Adapun tanda dan gejala dari Cephalhematoma, ialah: adanya
fluktuasi, adanya benjoan, adanya Cephalhematoma timbul di daerah
tulang parietal, kepala tampak bengkak dan berwarna merah, tampak
benjolan dengan batas yang tegas, pada perabaan terasa mula-mula
keras, kemudian menjadi lunak, benjolan tampak jelas lebih kurang 6 – 8
jam setelah lahir, benjolan membesar pada hari kedua atau hari ketiga,
benjolan akan menghilang dalam beberapa minggu. Komplikasi yang dapat
terjadi akibat Cephalhematoma ialah: iktrerus, anemia, infeksi.
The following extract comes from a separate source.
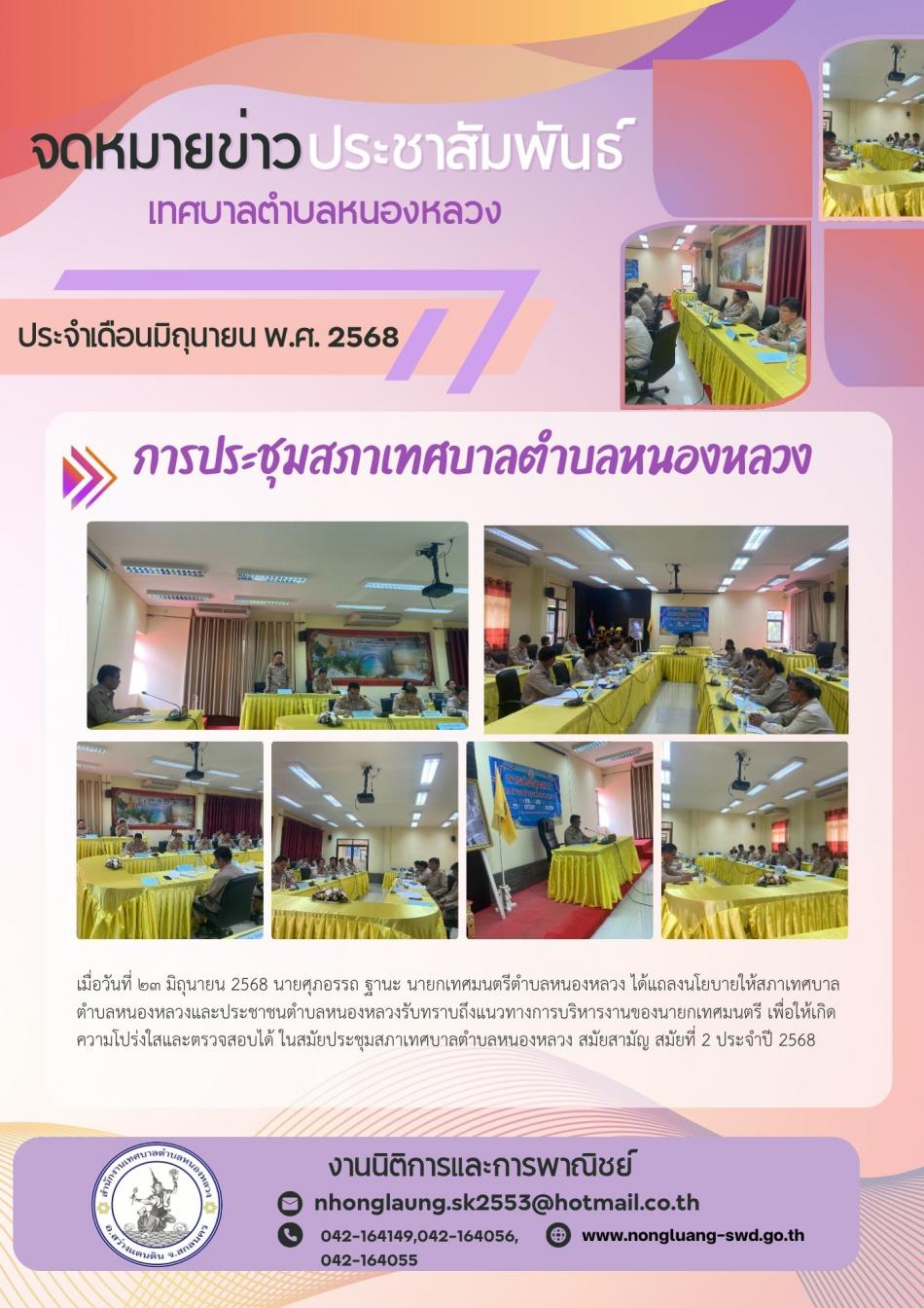 ข่าวประชาสัมพันธ์ การแถลงนโยบายของนายกเทศมนตรีตำบลหนองหลวง ในสมัยประชุมสภาเทศบาลตำบลหนองหลวง สมัยสามัญ สมัยที่ 2 ประจำปี 2568 [24 มิถุนายน 2568]

Adapun
penatalaksaan Cephalhematoma ialah diantaranya: hampir sama dengan
kaput suksedoneum, jika ada luka dijaga agar tetap bersih dan kering,
lakukan pemberian Vitamin K dan adapun pemeriksaan penunjangnya ialah
Pemeriksaan X-Ray pada tengkorak, pemeriksaan darah lengkap (untuk
menilai kadar bilirubin, hematokrit, faktor pembekuan dan haemoglobin).

B. Saran
Pada penderita cephal hematoma, bidan bisa menjelaskan
kepada ibu dan keluarga bayi bahwa tidak diperlukan tindakan atau
penanganan khusus bila tanpa komplikasi. Salah satu penyebab cephal
hematom adalah trauma lahir, karena itu untuk mencegah terjadinya
cephal hematoma bisa dilakukan dengan memimpin persalinan yang
aman dan tepat.

Diharapkan juga kepada tenaga kesehatan khususnya bidan agar


selalu memantau keadaan pada bayi. Delain itu diharapkan kepada
bidan untuk benar-benar mengerti tentang penatalaksanaan pada setiap
kelainan kepala yang mungkin terjadi pada neonatus. Diharapkan
kepada setiap orang tua untuk melakukan perawatan bayinya secara
rutin dirumah guna mencegah kemungkinan terjadinya infeksi dan iritasi.